* _What this task involves_: Output the line containing "On October 24, 2025, A.I.dvisor" and each line after it through the end of the data, exactly as written, with pictures left out.

* _Given material_:

++++++++

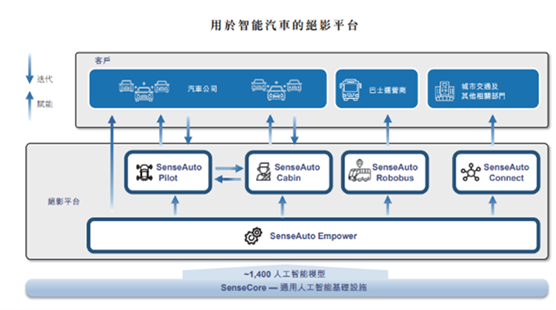 智能汽车由五个产品组成,即SenseAuto Pilot(ADAS产品)、SenseAuto Cabin(包括驾驶员分析系统(DMS)、乘客分析系统(OMS)及智能车载娱乐(IVI)系统)、SenseAuto Empower(AI-as-a-Service产品,支持车企内部的AI开发计划)、SenseAuto Robobus(L4级的自动驾驶产品,提供无人巴士)及SenseAuto Connect(车路协同产品)。
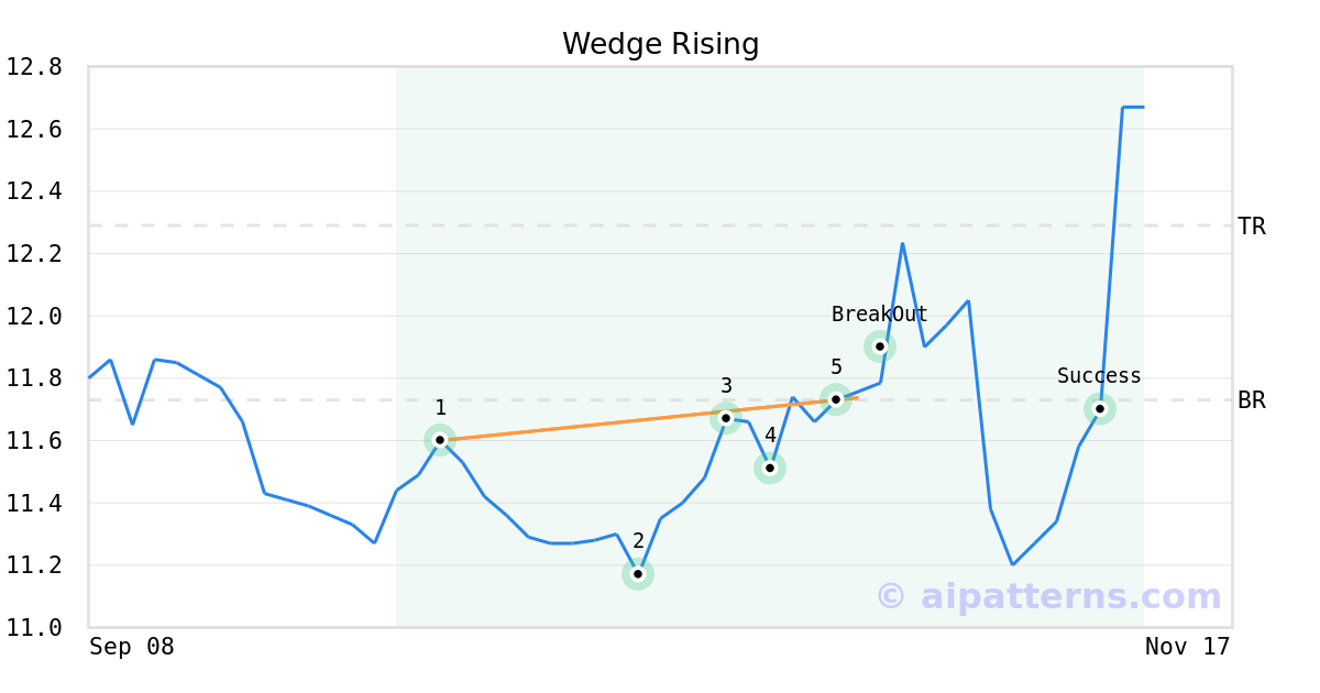 On October 24, 2025, A.I.dvisor detected a Wedge Rising Pattern (Bullish) for Vodafone Group Plc (VOD, $11.73). On October 27, 2025, A.I.dvisor confirmed the Bullish pattern, setting a target price of $12.29. 14 days later, on November 10, 2025, VOD reached the target price resulting in a for traders who took a long position in the stock.
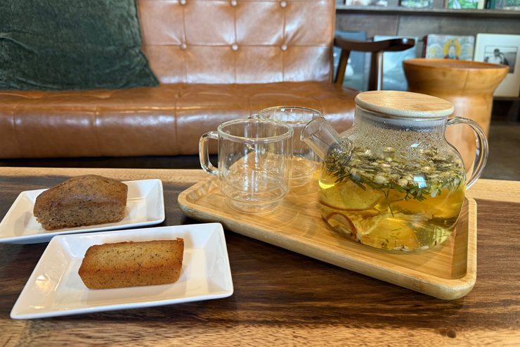地元のベーカリーから届く種類豊富な焼き菓子は、ショーケースの中からセレクトして。とくにビーガンハウピア&ポイ・バナナブレッドは、しっとりしていてお上品な甘さがちょうどいい!お茶やコーヒーにぴったりです。
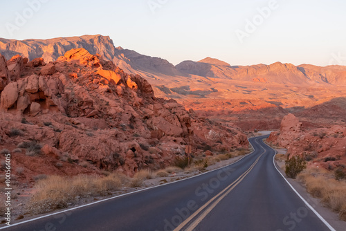 Panoramic sunrise view of endless winding empty road in Valley of Fire State Park leading to red Aztec Sandstone Rock formations and desert vegetation in Mojave desert, Overton, Nevada, USA. Freedom

++++++++

* _Solution below_:
 On October 24, 2025, A.I.dvisor detected a Wedge Rising Pattern (Bullish) for Vodafone Group Plc (VOD, $11.73). On October 27, 2025, A.I.dvisor confirmed the Bullish pattern, setting a target price of $12.29. 14 days later, on November 10, 2025, VOD reached the target price resulting in a for traders who took a long position in the stock.
地元のベーカリーから届く種類豊富な焼き菓子は、ショーケースの中からセレクトして。とくにビーガンハウピア&ポイ・バナナブレッドは、しっとりしていてお上品な甘さがちょうどいい!お茶やコーヒーにぴったりです。
 Panoramic sunrise view of endless winding empty road in Valley of Fire State Park leading to red Aztec Sandstone Rock formations and desert vegetation in Mojave desert, Overton, Nevada, USA. Freedom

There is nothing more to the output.